Ministério Público sustenta ter havido «precipitação» dos bombeiros, sobretudo do comandante operacional, que «não estudou, com certeza, como mandam os manuais»

O arquivamento pelo Ministério Público (MP) do inquérito ao incêndio negligente que, em Julho de 2006, vitimou um bombeiro português e cinco sapadores chilenos não causou surpresa em Famalicão da Serra e na corporação dos voluntários de Gonçalo. «Este desfecho era de prever pelo que se foi ouvindo nos últimos meses», admitiu o director da secção local e presidente da Junta de Freguesia, que só lamenta a perda de vidas humanas.

«É como em todos os incêndios, a culpa morre sempre solteira», acrescentou António Fontes, esclarecendo não pretender pôr em causa o despacho do MP. «Trata-se de uma decisão do juiz e quem sou eu para a discutir», sublinhou. Também Orlindo Cabeças estava à espera do arquivamento. O comandante dos bombeiros de Gonçalo, a que pertence a secção de Famalicão, garante que nunca se poderia inculpar quem operava a motorroçadora que esteve na origem do fogo. «O que aconteceu foi acidental. O rapaz só andava a cumprir ordens, o mais que se poderia fazer era castigar quem realmente mandou fazer o trabalho, e esse sim é que era responsável, uma vez que é engenheiro florestal», considerou o comandante. No despacho, citando as conclusões do inquérito mandado fazer pelo Ministério da Administração Interna, o MP considera que o incêndio teve origem «meramente acidental» e que não houve «comportamentos censuráveis» por parte de Tiago Gonçalves, na altura com 18 anos. O jovem andava a limpar um terreno agrícola num dia em que o termómetro subiu aos 33 graus centígrados e a humidade relativa foi de 24 por cento, mas o procurador subscreveu as afirmações do dono da propriedade, que afirmou que o Verão é a época do ano «mais apropriada» para limpar terrenos e defendeu que «não é previsível» que faíscas de motorroçadoras sejam causadoras de um fogo.

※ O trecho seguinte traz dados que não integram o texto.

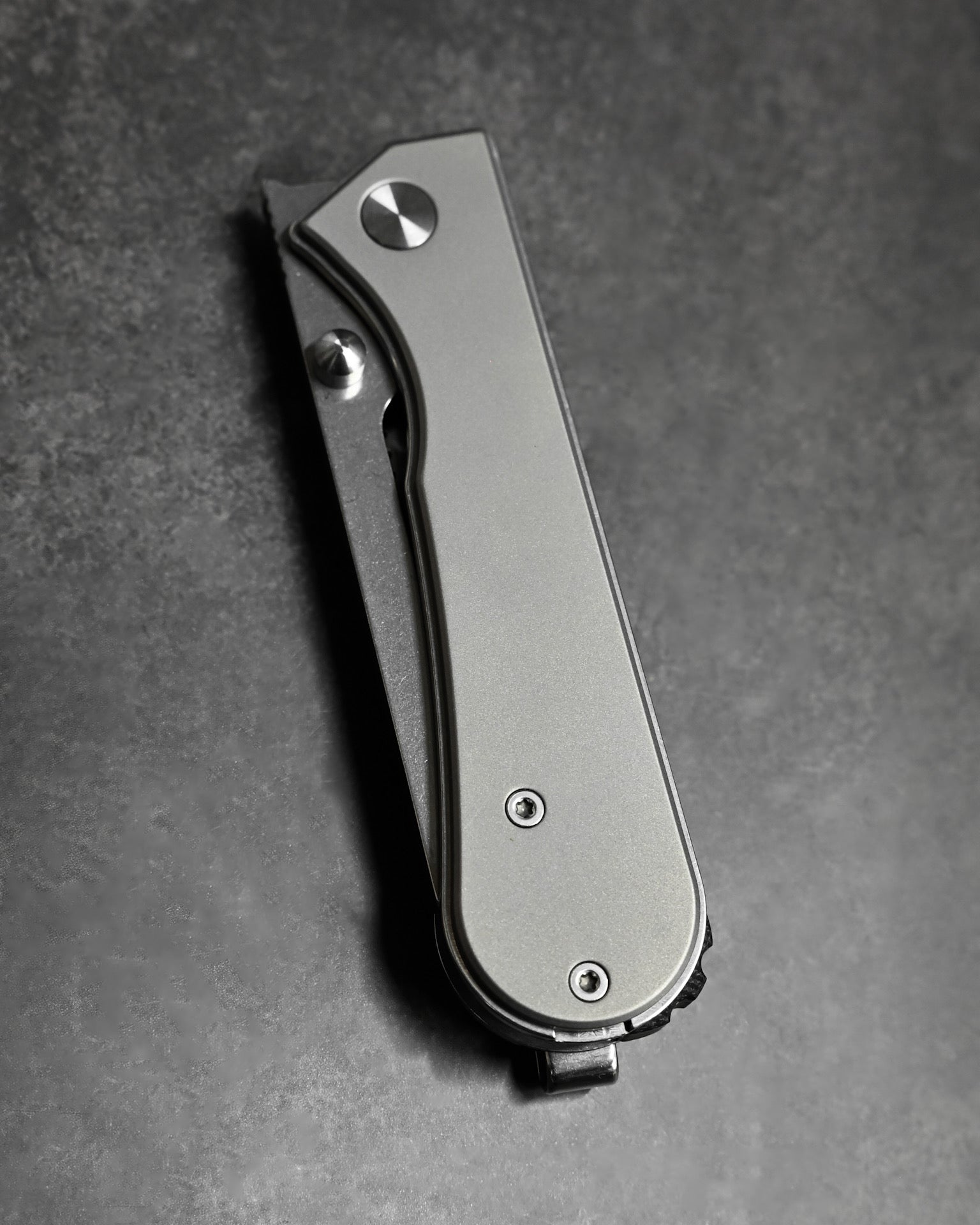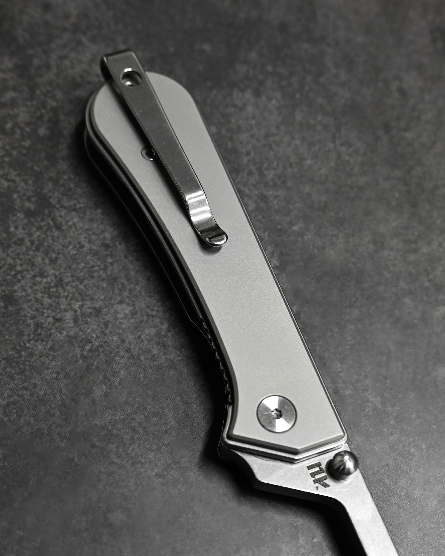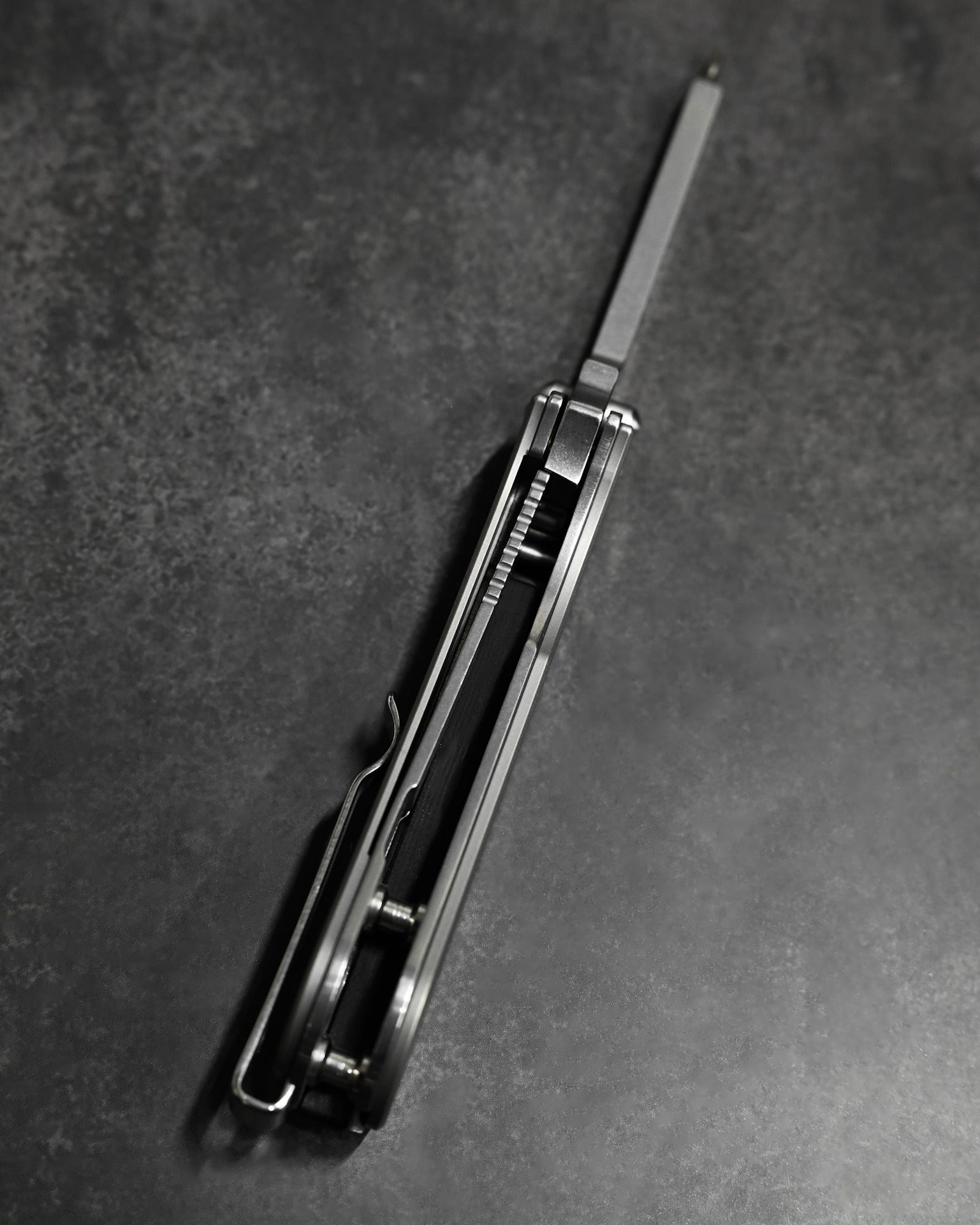 The titanium alloy handle offers a comfortable grip while keeping overall weight low for daily carry.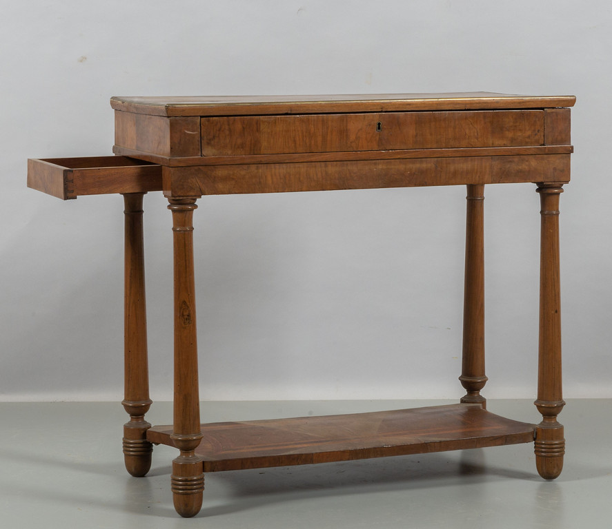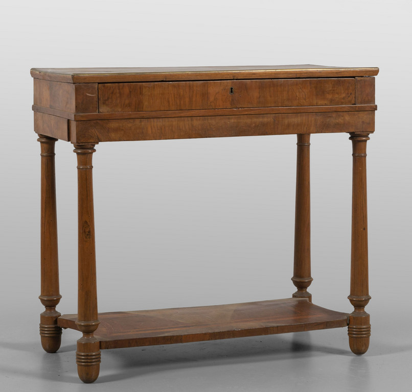 Piccola console neoclassica lastronata in noce,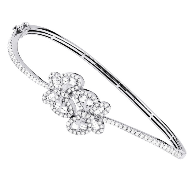 This Women's Diamond Bangle bracelet is made from 14k Gold, weighing 13.29 grams and is 18 mm wide and length inches. This Women's Diamond bracelet features 1.75 carats of White Diamonds, showcasing a chain and is available in 14k white gold, yellow gold and rose gold as well as 18k gold and platinum as a custom order.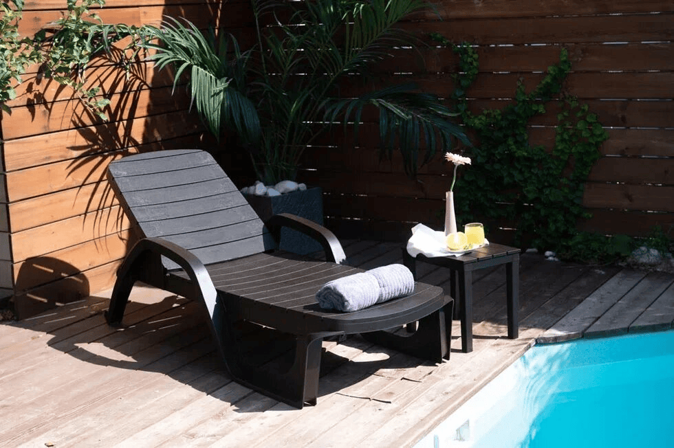 - Шезлонг — выбирайте устойчивую раму (алюминий или сталь с порошковой окраской) и материл, устойчивый к влаге и УФ-лучам.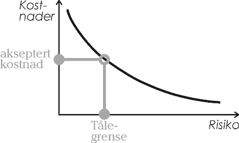 Figur 1. Samspill mellom forskning og politikk i og fastsette tålegrenser. Vitenskapens bidrag er vist i svart, politikkens i grå. Moralske verdier kan ikke avgjøre noen tålegrense uten vitenskapelige innspill. Men vitenskapen kan ikke avgjøre balansen mellom kostnad og risiko uten moralske/politiske innspill. Figuren er forenklet, siden kurven kan ha en atskillig mer komplisert form. Kilde: forfatterens egen illustrasjon, først publisert i Klassekampen (Sandvik, 1998).

No entanto, assim aconteceu quando aquele utensílio embateu numa pedra e despoletou um incêndio que consumiu 544 hectares e vitimou os seis homens. Tiago Gonçalves foi detido nesse mesmo dia pela GNR e constituído arguido, por suspeita da autoria de fogo negligente, enquanto o proprietário da quinta, um engenheiro florestal no Núcleo Florestal da Beira Interior Norte, só foi ouvido como testemunha. A par do inquérito, as suas declarações terão sido determinantes para o MP, pois o magistrado acabou por destacar os seus «30 anos de experiência na área florestal», além dos esforços do engenheiro e do jovem para conseguirem controlar o incêndio. Em contrapartida, a actuação dos bombeiros foi criticada, já que o despacho sustenta ter havido «precipitação», sobretudo por parte do comandante operacional, que «não estudou, com certeza, como mandam os manuais». Uma posição refutada por António Fontes: «As coisas estiveram a funcionar bem até às 16 horas, quando ocorreram as mortes, depois houve realmente um descontrolo total no terreno», reconheceu. A este propósito, o presidente da Federação de Bombeiros do Distrito da Guarda adiantou que o incêndio de Famalicão tem sido «um exemplo para que os erros cometidos não voltem a repetir-se no futuro».

Madeira Grilo disse também esperar que «este ano, o equipamento de defesa e protecção individual já possa ser utilizado por todos aqueles que combatem os fogos florestais». Faleceram no incêndio cinco sapadores chilenos, com idades entre os 22 e 30 anos, que faziam parte de uma equipa helitransportada da Afocelca, sediada na zona de Penamacor, e o bombeiro Sérgio Rocha, 26 anos, residente em Famalicão da Serra, que integrava a Iª secção avançada dos Bombeiros de Gonçalo.